Os leitos nos hospitais públicos do país decresceram velozmente entre 2012 e 2013. Em 2012, havia 145.099 leitos públicos; em 2013, 142.333. Uma diminuição, em números absolutos de 2.766 leitos; proporcionalmente, uma queda de 2%. A OMS orienta que os países garantam 3,2 leitos para cada 1.000 habitantes. O corte de 2.766 leitos significa – nos termos adequados da OMS – a eliminação de atendimento a relativamente 8.645.625 pessoas. Como a proporção real do Brasil é outra (menos leitos por mil habitantes), o corte desse número de leitos significou naquele ano o desatendimento de um número maior do que 8,7 milhões. Será que as pessoas não sentiriam isso?

Segundo dados parciais, há indícios de que o rendimento médio do trabalhador brasileiro parara de crescer. Em março de 2013, embora maior ao mesmo período no ano anterior, o rendimento médio estava 0,2% menor do que fevereiro de 2013. Os dados referentes a 2015 provam que se constituiu uma tendência à queda do rendimento salarial real dos trabalhadores brasileiros. Sim, há crise no sistema capitalista!

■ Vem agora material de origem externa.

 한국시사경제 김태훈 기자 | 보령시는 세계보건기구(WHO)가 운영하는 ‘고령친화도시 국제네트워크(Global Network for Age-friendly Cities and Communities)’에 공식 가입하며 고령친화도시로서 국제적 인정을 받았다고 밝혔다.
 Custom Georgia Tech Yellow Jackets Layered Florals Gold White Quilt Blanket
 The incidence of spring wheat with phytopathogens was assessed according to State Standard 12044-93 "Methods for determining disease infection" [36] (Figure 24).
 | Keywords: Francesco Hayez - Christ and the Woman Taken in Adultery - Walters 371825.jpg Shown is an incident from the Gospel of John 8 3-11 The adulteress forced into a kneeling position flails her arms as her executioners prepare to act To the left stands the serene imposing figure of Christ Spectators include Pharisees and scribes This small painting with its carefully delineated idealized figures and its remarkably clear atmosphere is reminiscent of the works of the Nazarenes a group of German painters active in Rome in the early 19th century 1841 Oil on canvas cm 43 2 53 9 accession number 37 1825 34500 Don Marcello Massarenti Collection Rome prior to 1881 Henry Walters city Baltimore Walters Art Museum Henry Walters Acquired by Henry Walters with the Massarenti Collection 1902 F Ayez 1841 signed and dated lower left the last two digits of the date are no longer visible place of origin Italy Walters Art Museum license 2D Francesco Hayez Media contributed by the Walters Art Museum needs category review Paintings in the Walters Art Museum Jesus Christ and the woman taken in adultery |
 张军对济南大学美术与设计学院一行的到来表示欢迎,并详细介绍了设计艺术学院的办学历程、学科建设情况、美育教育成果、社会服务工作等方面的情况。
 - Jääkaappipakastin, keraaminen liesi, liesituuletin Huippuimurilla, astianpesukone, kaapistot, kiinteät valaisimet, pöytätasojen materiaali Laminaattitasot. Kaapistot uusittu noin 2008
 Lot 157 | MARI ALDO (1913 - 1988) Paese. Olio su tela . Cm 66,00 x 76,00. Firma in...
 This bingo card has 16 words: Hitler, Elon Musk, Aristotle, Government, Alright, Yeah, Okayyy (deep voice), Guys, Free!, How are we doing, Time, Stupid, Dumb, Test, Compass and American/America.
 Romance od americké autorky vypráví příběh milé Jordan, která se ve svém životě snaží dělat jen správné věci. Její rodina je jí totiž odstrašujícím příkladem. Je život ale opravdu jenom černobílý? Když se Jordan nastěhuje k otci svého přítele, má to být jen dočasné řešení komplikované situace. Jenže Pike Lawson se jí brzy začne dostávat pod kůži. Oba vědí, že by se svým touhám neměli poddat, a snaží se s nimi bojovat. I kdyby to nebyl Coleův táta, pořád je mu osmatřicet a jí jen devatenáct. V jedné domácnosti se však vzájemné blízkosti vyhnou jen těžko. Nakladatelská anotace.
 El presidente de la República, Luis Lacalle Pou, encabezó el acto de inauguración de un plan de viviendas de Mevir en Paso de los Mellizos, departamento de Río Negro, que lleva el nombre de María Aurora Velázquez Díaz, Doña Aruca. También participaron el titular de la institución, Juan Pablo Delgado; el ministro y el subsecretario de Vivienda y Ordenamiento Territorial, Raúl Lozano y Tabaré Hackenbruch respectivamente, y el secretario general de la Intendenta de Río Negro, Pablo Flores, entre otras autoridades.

Esse é um quadro incompleto; e principalmente porque – se é que a há – a psique coletiva não é tão objetivista assim, não é um reflexo behaviorista das condições sociais dadas. Mas certamente esse quadro não pode ser desconsiderado na avaliação do movimento insurgente em junho de 2013.

As Jornadas foram a confluências de movimentos muito distintos em suas procedências. Houve as manifestações indígenas em abril e maio, com enorme visibilidade, contra a Hidrelétrica de São Luís de Tapajós e Belo Monte. Houve as manifestações contra os aumentos das tarifas a começar por Porto Alegre, Goiânia, Natal e, finalmente, São Paulo. Havia os protestos, desde o ano anterior, contra os mal-tratos da GCM de São Paulo aos moradores de rua (desde antes do governo de Haddad) [17], mas que continuaram no governo municipal petista (cf. aquiaqui e aqui). Houve a desocupação da Aldeia Maracanã (prédio do antigo Museu do Índio, habitado desde 2006 por indígenas) e os protestos seguidos contra essa desocupação violenta levada a cabo pelo "companheiro" (meu não, do Lula!) Sérgio Cabral.

Os protestos contra as remoções são um capítulo à parte. Eles começaram em 2010, continuaram em 2011 (p. ex., este ou este), 2012, 2013 (p. ex., esteeste etc.) e continuam em 2014.

Quando, em junho, o Movimento Passe Livre, após mais de uma década de ativismo, fez uma série de manifestações em São Paulo, reprimidas pela PM paulista e a GCM paulistana, e um movimento de solidariedade se estabeleceu em todo o país (manifs contra a repressão no dia 17 de junho), as Jornadas de Junho se consolidam como movimento nacional de protestos. Logo, todas as forças do velho mundo se conjuraram contra elas, da Cut à Rede Globo, do Lula a Bolsonaro.

Por enquanto é só. Ainda voltarei a esse assunto. Quem tiver curiosidade, dá uma olhadas nas imagens das manifestações de 2013-2014 (os que estava lá, que roupas usavam, como se relacionavam com a polícia e o que diziam deles os jornais, as TVs e os rádios) e as comparem com as imagens das aglomerações golpistas de 2015-2016 (e também notem os que estavas lá, que roupas usavam, como se relacionavam com a polícia e o que diziam deles os jornais, as TVs e os rádios).